Subset Sum floats Elimations

I will be happy to get some help. I have the following problem:
I'm given a list of numbers and a target number.
subset_sum([11.96,1,15.04,7.8,20,10,11.13,9,11,1.07,8.04,9], 20)
I need to find an algorithm that will find all numbers that combined will sum target number ex: 20.
First find all int equal 20
And next for example the best combinations here are:
11.96 + 8.04
1 + 10 + 9
11.13 + 7.8 + 1.07
9 + 11
Remaining value 15.04.
I need an algorithm that uses 1 value only once and it could use from 1 to n values to sum target number.
I tried some recursion in PHP but runs out of memory really fast (50k values) so a solution in Python will help (time/memory wise).
I'd be glad for some guidance here.
One possible solution is this: Finding all possible combinations of numbers to reach a given sum
The only difference is that I need to put a flag on elements already used so it won't be used twice and I can reduce the number of possible combinations
Thanks for anyone willing to help.

there are many ways to think about this problem.
If you do recursion make sure to identify your end cases first, then proceed with the rest of the program.
This is the first thing that comes to mind.
<?php
subset_sum([11.96,1,15.04,7.8,20,10,11.13,9,11,1.07,8.04,9], 20);
function subset_sum($a,$s,$c = array())
{
if($s<0)
return;
if($s!=0&&count($a)==0)
return;
if($s!=0)
{
foreach($a as $xd=>$xdd)
{
unset($a[$xd]);
subset_sum($a,$s-$xdd,array_merge($c,array($xdd)));
}
}
else
print_r($c);
}
?>

This is possible solution, but it's not pretty:
import itertools
import operator
from functools import reduce
def subset_num(array, num):
subsets = reduce(operator.add, [list(itertools.combinations(array, r)) for r in range(1, 1 + len(array))])
return [subset for subset in subsets if sum(subset) == num]
print(subset_num([11.96,1,15.04,7.8,20,10,11.13,9,11,1.07,8.04,9], 20))
Output:
[(20,), (11.96, 8.04), (9, 11), (11, 9), (1, 10, 9), (1, 10, 9), (7.8, 11.13, 1.07)]

DISCLAIMER: this is not a full solution, it is a way to just help you build the possible subsets. It does not help you to pick which ones go together (without using the same item more than once and getting the lowest remainder).
Using dynamic programming you can build all the subsets that add up to the given sum, then you will need to go through them and find which combination of subsets is best for you.
To build this archive you can (I'm assuming we're dealing with non-negative numbers only) put the items in a column, go from top to bottom and for each element compute all the subsets that add up to the sum or a lower number than it and that include only items from the column that are in the place you are looking at or higher.
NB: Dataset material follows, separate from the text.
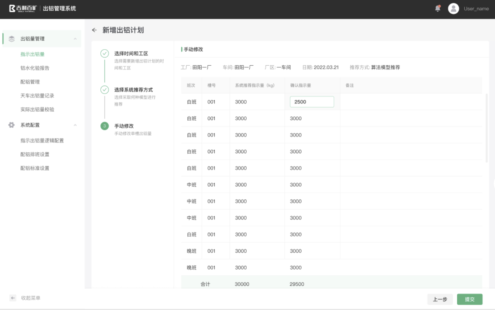 出鋁管理:打通槽控系統和MIS系統,實現出鋁量的智能預測自動排包實際出鋁量校正,并根據槽況對指示出鋁量進行智能推薦,減少人工經驗設置出鋁量的偏差問題。

When you build a subset you put in its node both the sum of the subset (which may be the given sum or smaller) and the items that are included in the subset. So in order to compute the subsets for an item [i] you need only look at the subsets you've created for item [i-1]. For each of them there are 3 options:
1) the subset's sum is the given sum ---> Keep the subset as it is and move to the next one.
2) the subset's sum is smaller than the given sum but larger than it if item [i] is added to it ---> Keep the subset as it is and move on to the next one.
3) the subset's sum is smaller than the given sum and it will still be smaller or equal to it if item [i] is added to it ---> Keep one copy of the subset as it is and create another one with item [i] added to it (both as a member and added to the sum of the subset).
When you're done with the last item (item [n]), look at the subsets you've created - each one has its sum in its node and you can see which ones are equal to the given sum (and which ones are smaller - you don't need those anymore).
As I wrote at the beginning - now you need to figure out how to take the best combination of subsets that do not have a shared member between any of them.
Basically you're left with a problem that resembles the classic knapsack problem but with another limitation (not every stone can be taken with every other stone). Maybe the limitation actually helps, I'm not sure.
A bit more about the advantage of dynamic programming in this case
The basic idea of dynamic programming instead of recursion is to trade redundancy of operations with occupation of memory space. By that I mean to say that recursion with a complex problem (normally a backtrack knapsack-like problem, as we have here) normally ends up calculating the same thing a fair amount of times because the different branches of calculation have no concept of each other's operations and results. Dynamic programming saves the results and uses them along the way to build "bigger" results, relying on the previous/"smaller" ones. Because the use of the stack is much more straightforward than in recursion, you don't get the memory problem you get with recursion regarding the maintenance of the function's state, but you do need to handle a great deal of memory that you store (sometimes you can optimise that).
So for example in our problem, trying to combine a subset that would add up to the required sum, the branch that starts with item A and the branch that starts with item B do not know of each other's operations. let's assume item C and item D together add up to the sum, but either of them added alone to A or B would not exceed the sum, and that A don't go with B in the solution (we can have sum=10, A=B=4, C=D=5 and there is no subset that sums up to 2 (so A and B can't be in the same group)). The branch trying to figure out A's group would (after trying and rejecting having B in its group) add C (A+C=9) and then add D, in which point would reject this group and trackback (A+C+D=14 > sum=10). The same would happen to B of course (A=B) because the branch figuring out B's group has no information regarding what just happened to the branch dealing with A. So in fact we've calculated C+D twice, and haven't even used it yet (and we're about to calculate it yet a third time to realise they belong in a group of their own).
NOTE:
Looking around while writing this answer I came across a technique I was not familiar with and might be a better solution for you: memoization. Taken from wikipedia:
memoization is an optimization technique used primarily to speed up computer programs by storing the results of expensive function calls and returning the cached result when the same inputs occur again.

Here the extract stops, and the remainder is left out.